1INRA, UR1213 Herbivores, Site de Theix, F-63122 Saint-Genès-Champanelle, France.
Animal. 2007 Aug;1(7):939-44. doi: 10.1017/S1751731107000304.
Bacteria attached to the rumen epithelium (or epimural community) are not well characterised and their role in rumen functioning is not totally understood. There is just one published report of a clone library from one cow that suggests that this epimural community differs from the bacteria associated with the rumen digestive contents. However, this time-consuming approach is not adapted for examining microbial population changes in groups of animals. In in vivo studies, when samples from several animals have to be analysed simultaneously, a simpler technique has to be used. In this study, a genetic fingerprinting technique, polymerase chain reaction-denaturing gradient gel electrophoresis (PCR-DGGE), was used to characterise the structure of the bacterial population attached to the rumen epithelium. This community was compared with that present in the solid and liquid phases of rumen content under two contrasting diets. Rumen samples were obtained from four forage-fed and four high-concentrate-fed (80 : 20, wheat grain : hay) 5-month-old lambs. After slaughter, samples from five epithelial sites and the solid and liquid digesta phases were taken for DNA extraction and analysis. Bacterial communities were profiled by PCR-DGGE using bacterial-specific 16S rDNA primers. Analysis of the fingerprint revealed that the epithelial community differed from those of rumen content in both diets. As expected, the nature of the feed influenced the bacterial communities from the solid and liquid rumen phases but no diet effect was observed in the rumen epithelial profiles suggesting a strong host effect on this bacterial population. Additionally, no differences were observed among the five epithelial sampling sites taken from each animal. The profile of the bacterial population attached to the rumen epithelium presented a high inter-animal variation, whether this difference has an influence in the function of this community remains to be determined.
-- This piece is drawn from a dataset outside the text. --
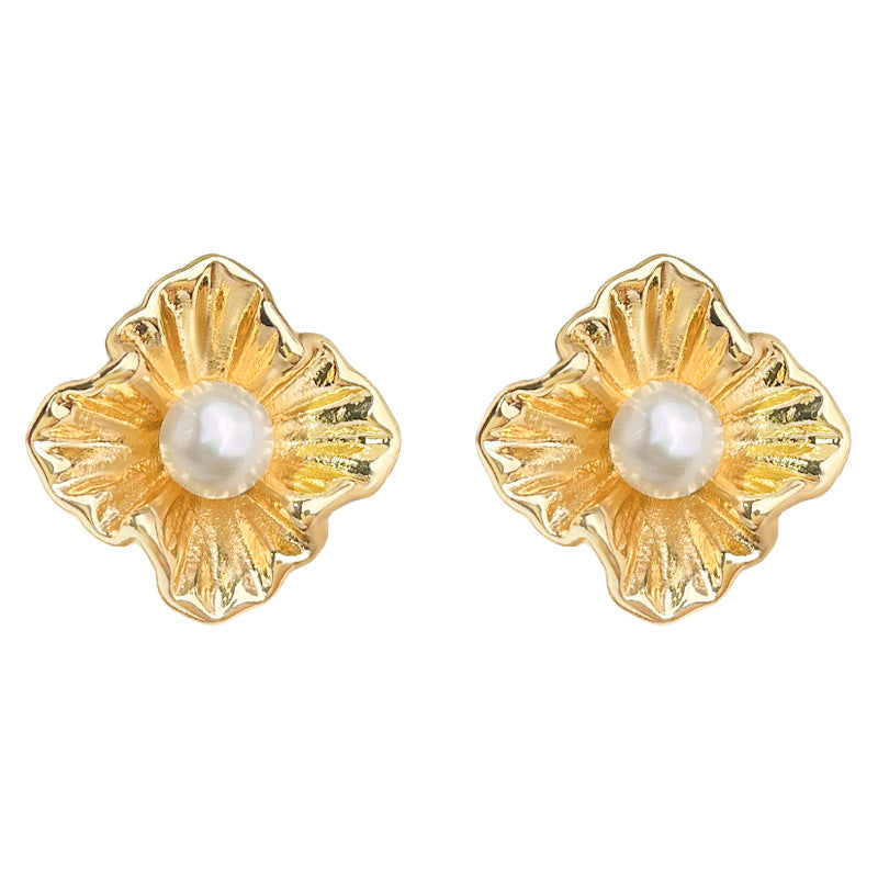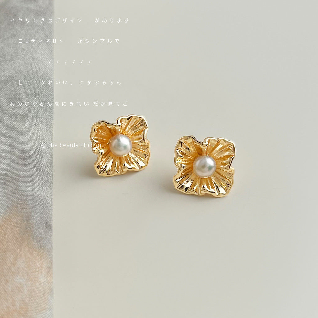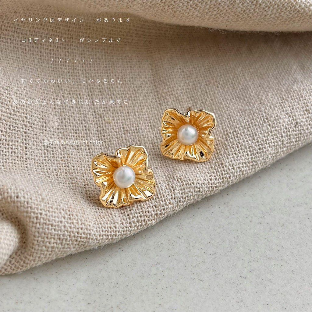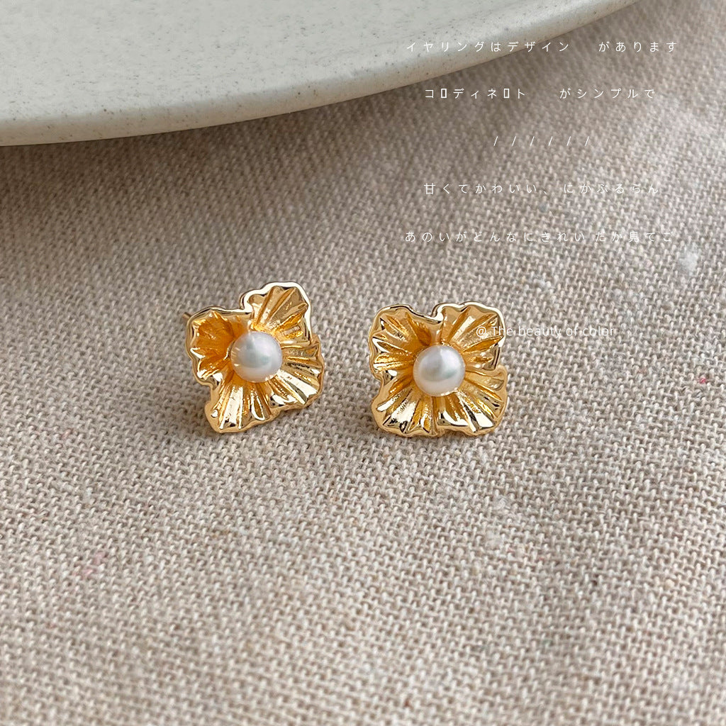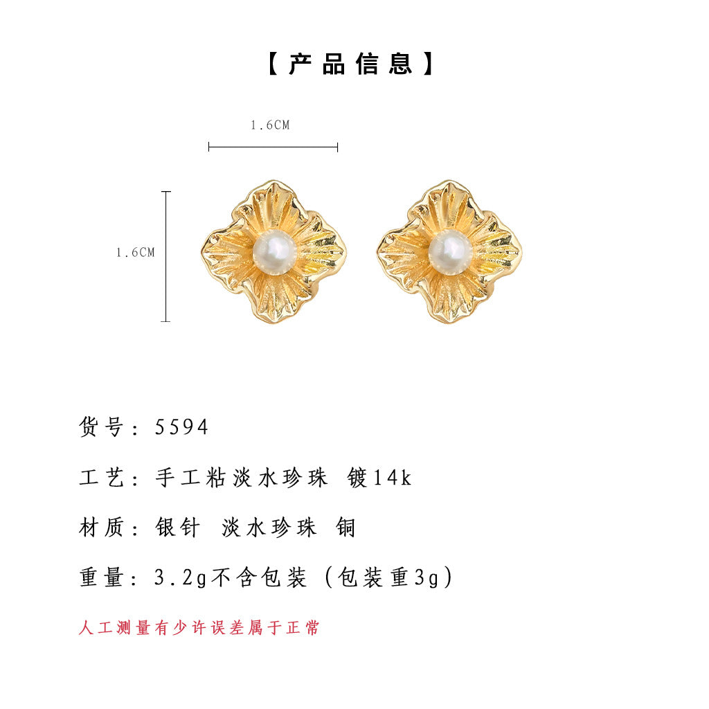 C廠【5594】淡水珍珠紋理感925銀針鍍14K時尚高級感花朵耳環氣質優雅耳飾 25.02-4
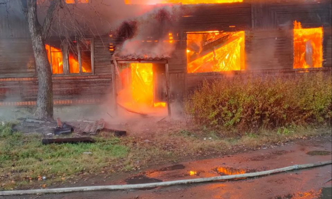 Утром в воскресенье в Суоярви вспыхнул расселенный дом.

附着于瘤胃上皮(或附壁生物群落)的细菌尚未得到很好的描述,其在瘤胃功能中的作用也不完全清楚。仅有一篇从一头奶牛获得的关于附壁生物群落的克隆文库的报道表明,该附壁生物群落与与瘤胃消化内容物相关的细菌不同。然而,这种耗时的方法并不适用于检查动物群体中微生物种群的变化。在体内研究中,当需要同时分析多个动物的样本时,必须使用更简单的技术。在这项研究中,使用聚合酶链反应-变性梯度凝胶电泳(PCR-DGGE)这一遗传指纹图谱技术来描述附着于瘤胃上皮的细菌种群的结构。将该群落与在两种截然不同的日粮下存在于瘤胃内容物的固体和液体相中的群落进行了比较。从 4 头采食粗饲料和 4 头高浓度精料(80:20,小麦粒:干草)的 5 月龄羔羊中获得瘤胃液样本。屠宰后,从五个上皮部位以及固体和液体消化物中取样进行 DNA 提取和分析。使用细菌特异性 16S rDNA 引物通过 PCR-DGGE 对细菌群落进行分析。指纹图谱分析表明,上皮群落与两种日粮下的瘤胃液群落不同。正如预期的那样,饲料的性质影响了来自固体和液体瘤胃相的细菌群落,但在瘤胃上皮图谱中没有观察到日粮的影响,这表明该细菌种群受到强烈的宿主影响。此外,从每个动物的五个上皮采样部位获得的细菌种群的图谱没有差异。附着于瘤胃上皮的细菌种群的图谱呈现出高度的个体间变异性,这种差异是否会对该群落的功能产生影响还有待确定。